Practicality. Generally your stdlib is part of your cross compiler install. So now you'd need 2 versions of your stdlib--the small version and the speedy version. So now you aren't using -lc (which is usually built-in to the linker) foro your boot code but you are for your regular firmware. Now your makefile is more complex. And you are running a modified std library so it's a pain to upgrade. Blah blah blah the list goes on.
Of course you could do all that, but it's so much easier to just override the 5 functions you actually use in your code. Because of the way linkers work and the way standard libraries are designed, if you define your own version of a library function then the linker won't pull in the library version--effectively choosing your local version over the one in the library.
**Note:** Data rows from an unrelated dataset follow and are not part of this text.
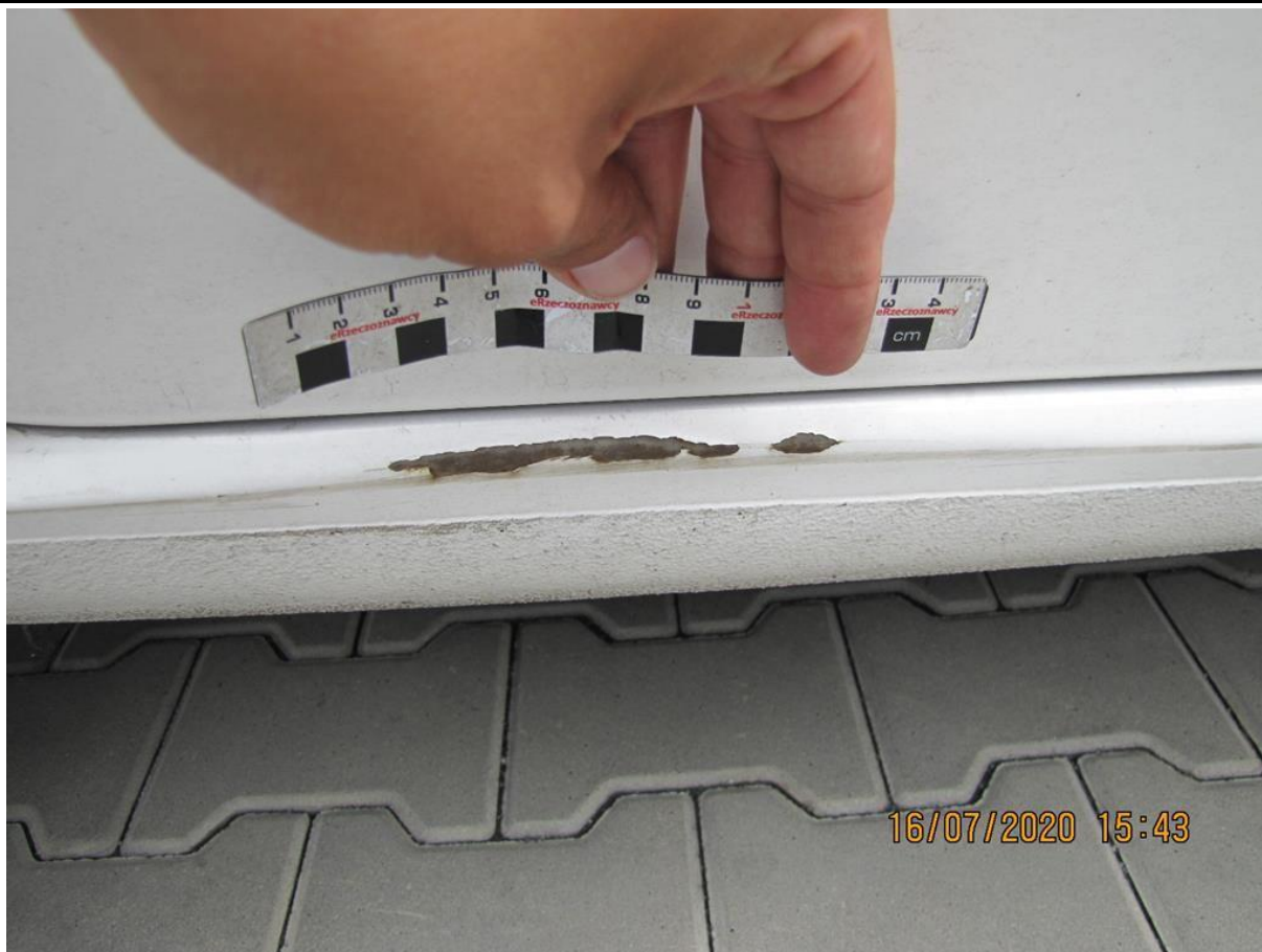
Fot. nr 57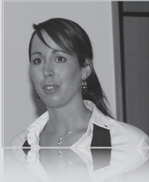
R. Binnema 1 , A. van der Wal 1 , C. Visser 1 , R. Schepp 2 , L. Jekel 3 en P. Schröder

1 EKP, Afdeling Extra-corporale Circulatie, 2 Cardio-anesthesioloog, Afdeling Cardiothoracale Anesthesie, 3 Cardiothoracaal chirurg, Afdeling Cardiothoracale Chirurgie, Medisch Centrum Leeuwarden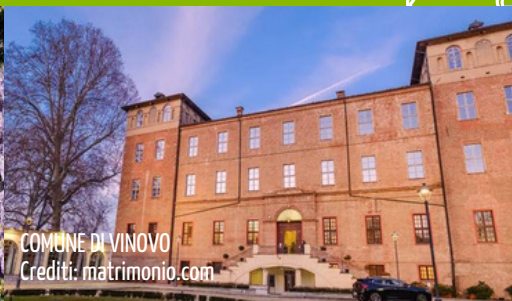
COMUNE DI VINOVO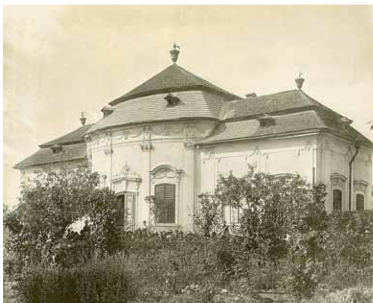
Letohrádek Mitrovských.

V roce 1814 Mitrovští letohrádek prodali, ten pak měnil majitele a v létě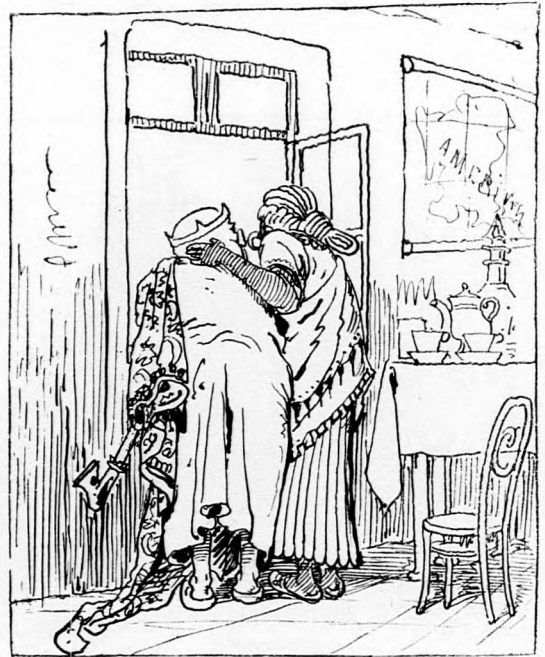
Viszi az ablakhoz: »No nézz széjjel itten, A mit csak beláthatsz, enyém e sok minden.«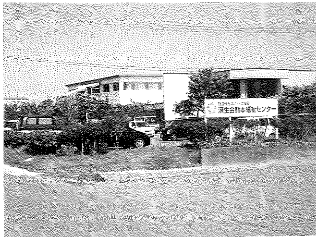
済生会熊本福祉センター外観

済生会は、明治天皇が医療によって生活困窮者を救済しようと1911年に設立された、日本最大の医療・福祉の団体としての社会福祉法人である。地域社会における医療サービスの提供と生活困窮者の救済を目標に、40都道府県で約59,000人の職員が医療・保健・福祉活動を展開している。その支部である熊本県済生会の歴史は、1935年に恩賜財団済生会熊本診療所を設立したことに始まる。2003年に旧国立療養所三角病院を引き継いで2つ目の済生会みすみ病院を開院し、2004年に他の社会福祉法人の就労支援や保育など6つの福祉事業を引き継ぐ目的で済生会熊本福祉センターが開所し、その後9事業にまで福祉事業を拡大し、現在に至っている。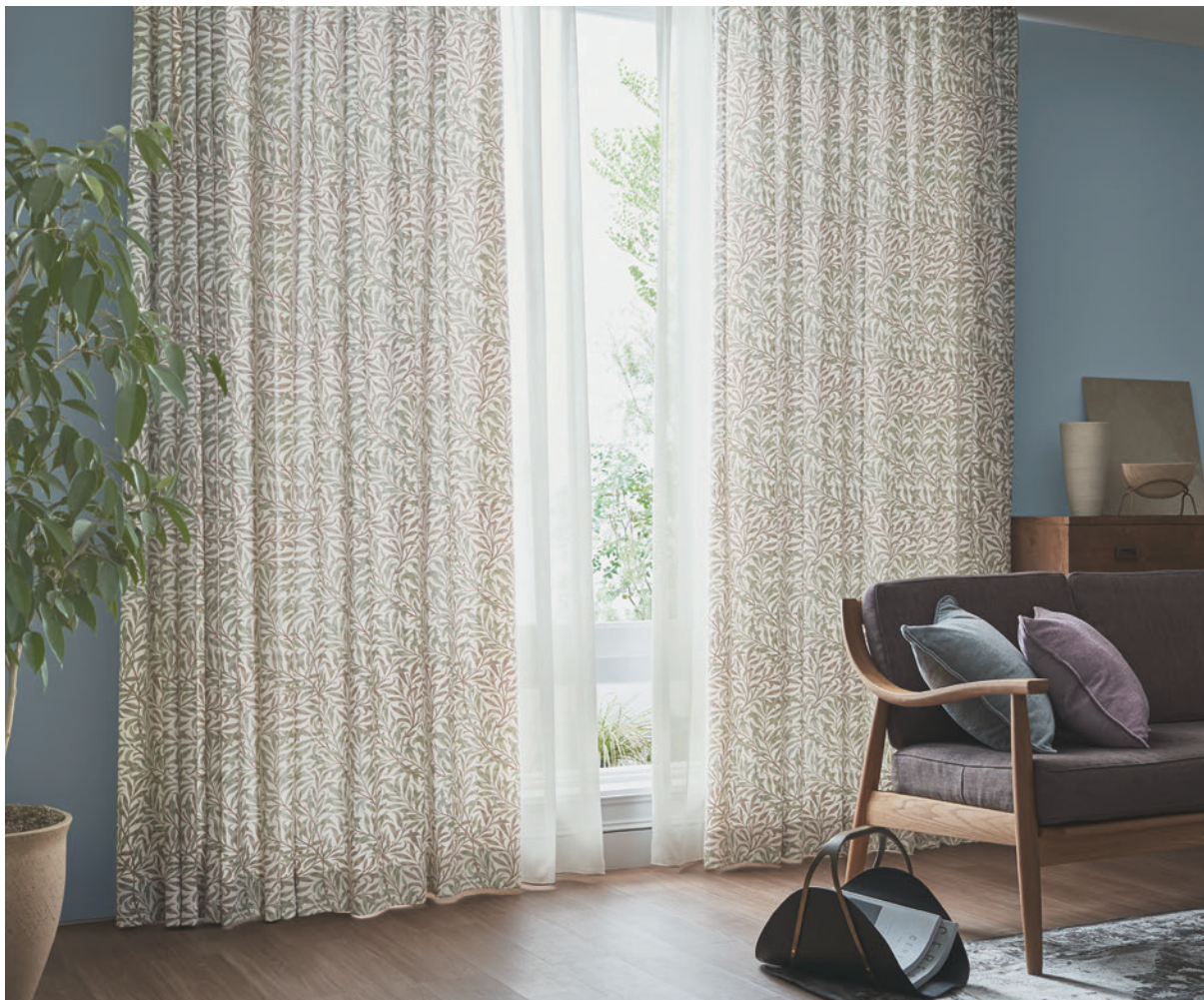
V&A LS-63012 / レースウエイトテープ巻きロック加工 Lilycolor British Colours LS-63053 / 壁紙 LW-109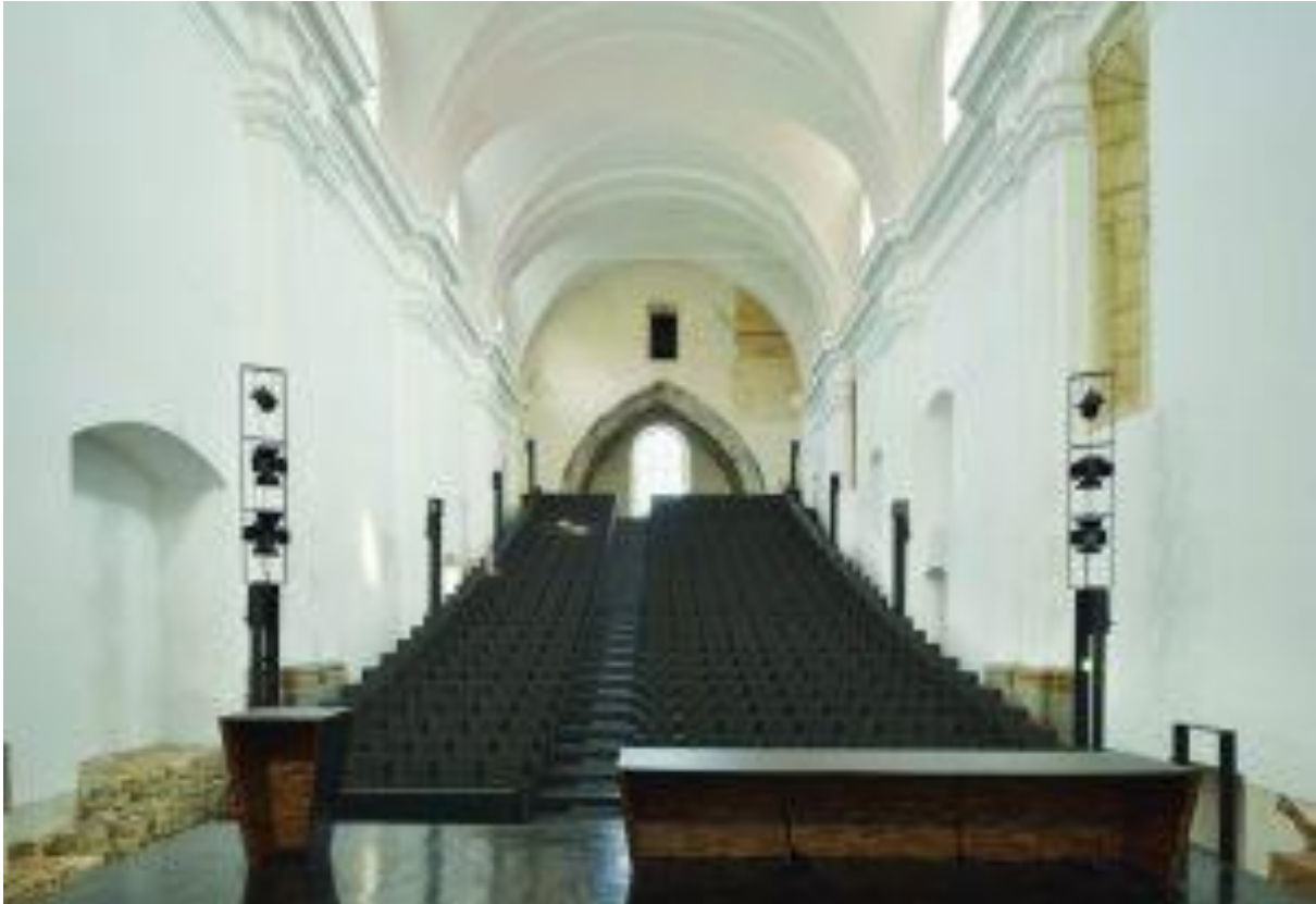
Slika 3: Cerkvena ladja – glavna prireditvenega dvorana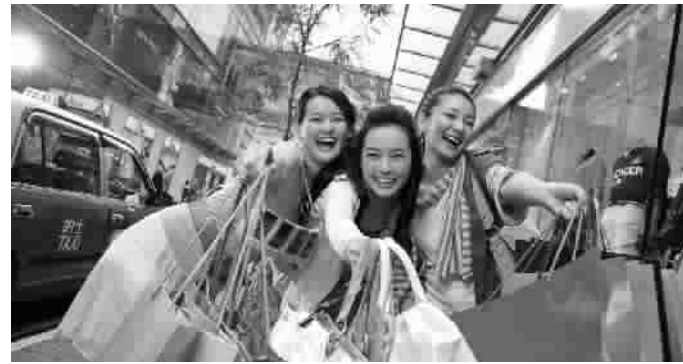
“购物天堂”今夏优惠多

今夏,香港还为内地游客准备了多重优惠礼遇,你可在各大景点与商街,酷玩、潮买、美食,享受诱人折扣。如有“Visa go购物狂赏”活动,游客用Visa卡消费,达到一定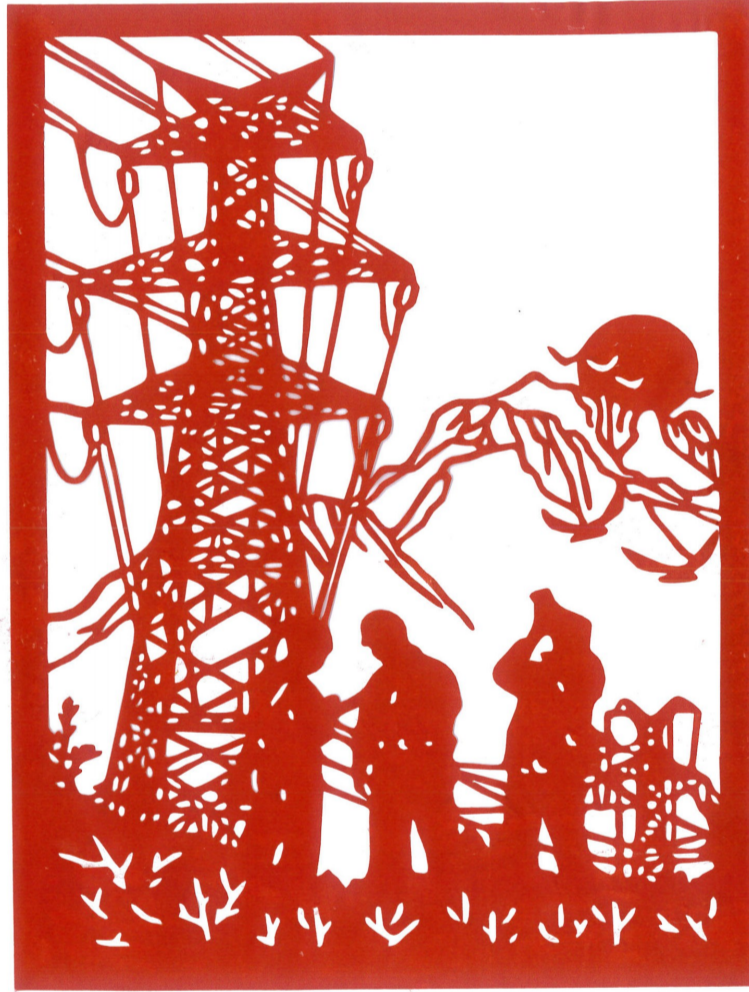
匠心筑梦 水电十四局 罗加巧 作

That keeps the standard library clean of patches and keeps the small, tight code near the project that actually needs it.
Compilers have long ago memorized the code for memset (and memcopy and ...) and substitute optimized algorithms. As part of faking their benchmark stats for marketing purposes. So no worries, this code should result in kick-butt optimized assembler. Except for the obvious bug.
Optimized for what? Speed? While I can picture that happening, it has been my experience that this is not the case. The memory squishing optimizations I'm talking about require dumping the assembly output and I've never seen my stupid memcpy() routine suddenly turn into optimized-for-speed code. I'd be pretty upset if that were to happen...
why can't you have a '#ifdef PREFER_SIZE_OVER_SPEED' or something similar ?